John J. Kilgallen, professor of New Testament at the Pontifical Biblical Institute in Rome, begins his America magazine essay, “A Complicated Apostle,” by admitting that “when one reads or hears what Paul wrote, one often meets a personality that can seem unpleasant or even antagonizing … appearing pompous, cantankerous, superior, harsh.” Experts agree: Paul can be a difficult fellow. He exhorts love for enemies, yet is not above wishing aloud that his enemies would castrate themselves (Galatians 5:12). He calls his addressees stupid (Galatians 3:1).

Due to their built-in veneration for Paul (and all things apostolic and ancient), many Christians don’t read Paul as though he were an actual person (after all, if the Bible is “God’s Word,” it’s not the writing of a real-life human being) and tend to overlook how these letters would come across if they were being written by a contemporary. Those who do pay attention to the bigger picture and read carefully often come to the conclusions above; I had a friend in college who admitted she struggled reading Paul’s letters because “he’s so arrogant.”

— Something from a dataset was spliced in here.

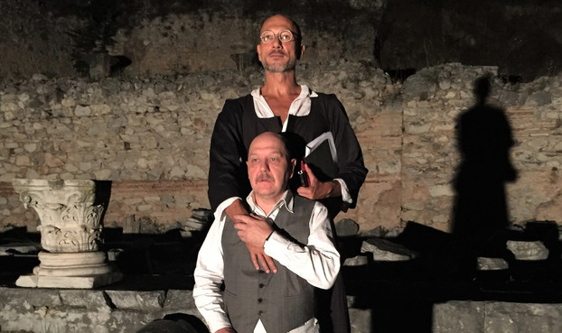 Επρόκειτο για μια διδασκαλία – αφήγηση με δραματοποιημένες σκηνές από τον εξαιρετικό Θέμη Πάνου, έμπειρο ηθοποιό με θεατρικές περγαμηνές και κινηματογραφικά βραβεία, τον χορευτή Δημήτρη Σωτηρίου, που απέδωσε λιτά και ώριμα τον Τειρεσία και την Ιοκάστη ως φιγούρα σκοτεινή, θύμα της ειμαρμένης αλλά σε δεύτερη θέση, πίσω από τη λάμψη βασίλισσας. Επίσης, είδαμε τον ηθοποιό Θανάση Δήμου άλλοτε να ερμηνεύει χαρακτήρες κι άλλοτε ν’ αφηγείται, καθώς και τον ίδιο τον Θοδωρή Γκόνη ως κύριο αφηγητή, ενώ ερμήνευσε και τον ρόλο του βοσκού- θεματοφύλακα του φοβερού μυστικού, του οποίου η φανέρωση οδήγησε τον αιμομίκτη βασιλιά στην αυτοτιμωρία του.

I am convinced that a majority of modern Christians (most of whom venerate Paul) would surely detest the man and reject him as unpleasant, arrogant, and a “poor witness,” were he alive today. For that matter, I wonder how many modern Christians would actually be able to tolerate five minutes with the historical Jesus, who doesn’t come across as the nicest, most polite chap, either (when my Intro to New Testament students—many of them Christians—had to read the Gospel of Mark straight through as though they’d never previously read it and then reflect on their impressions, they nearly universally concluded, with some surprise, “Jesus is a jerk!”). This disconnect between our sanitized and civilized impressions of the leading figures of early Christianity and the actual portrayals of them in the New Testament is worth some reflection for modern Christians, and provides an excellent opportunity for scholars, whose job it is to demonstrate the historical realities at the origins of Christianity.